The literature [1] indicates a strong relationship between the rising of soot concentration in the environment and the increasing intensity of global warming over the past 20 years. Greenhouse effect and global warming are the most pressing issues the world is facing in 2019. The noticeable problem is the are average 0.17°C per year global warming since pre-industrial levels (1970–2019), also the 0.09°C warming and increasing pH of oceans 1950s, 3.2 cm sea-levels growth per decade, a large number of extreme heatwaves in last decade [2, 3]. Unless the in 2019 we act to reduce the causes of global warming, we unite and commit, and pledge that the changes to mitigate global warming are fully implemented, the adverse effects of climate change will go on.

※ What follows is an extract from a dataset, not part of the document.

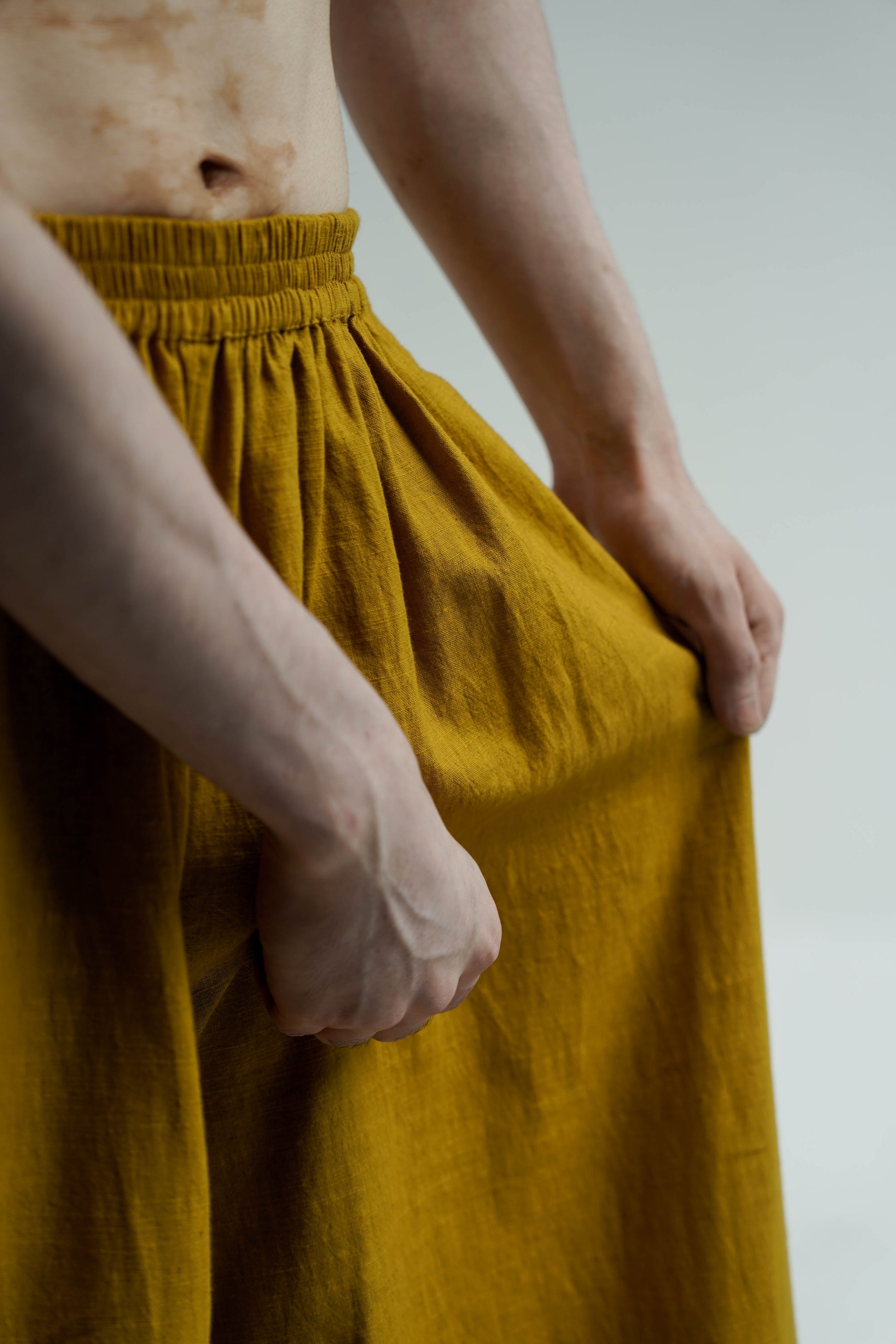 This Lime yellow trouser, crafted from cotton , showcases a hand-dyed lime hue. It's elasticated at the waist and is relaxed fit suitable for all genders.

The natural phenomenon of the greenhouse effect plays a vital role in climate change for decades. The burning of fossil fuels has contributed intensely to the natural greenhouse effect. This aggregated greenhouse effect stems from a rise in the atmospheric concentrations termed greenhouse gases. Greenhouse gases in the atmosphere lead to climate change. Soot, along with NOx, CO, and CO2 are considered significant greenhouse gases and pollutants.
In recent years after the industrial revolution, diesel engines are used extensively in multiple areas for their fewer CO2 emissions, better fuel efficiency, and improved economy [4]. Soot or unburnt hydrocarbons (UHC) present in the exhaust of internal combustion diesel engines. To be in accord with the intense emission levels imposed by the law, destruction of above mentioned delirious compounds is the necessity of the era. Their conversion into a nonparticulate form before these toxic substances released into the surrounding environment is also another alternative. Soot has been counted in the chief scale of severity among such classification. For this purpose, it is proposed, the of a mixture of catalytically active components coated with perovskites will cause the parallel conversion of UHC into subsequent oxides while could be absorbed in the exhaust filters and by the environment.
While soot continues to harm human race in metropolitan cities its effect is unseen to healthy eyes, when carbon black enters your bloodstream, it can cause a wide array of severe health issues, including respiratory problems, infections, shortness of breath, bronchitis, asthma, stroke, heart attack, cancer, and premature death. Soot not only causes smog that decreases visual clarity but stays in the atmosphere longer than carbon dioxide. Carbon dioxide can be absorbed by trees, but soot cannot be ‘fixed’ by natural means. Soot causes global warming by absorbing sunlight and directly heat the surrounding air. Figure 1 clearly demonstrates how particulate matter is contributing to global warming as a significant global pollutant. Figure 2 zones in the culmination of sizes of PM towards soot indicating inversely proportional relationship between the size of PM and its banality [5, 6].
Figure 1.
Pollution caused by particulate matter.
Figure 2.
Size of soot as the comparison with other particulate matter.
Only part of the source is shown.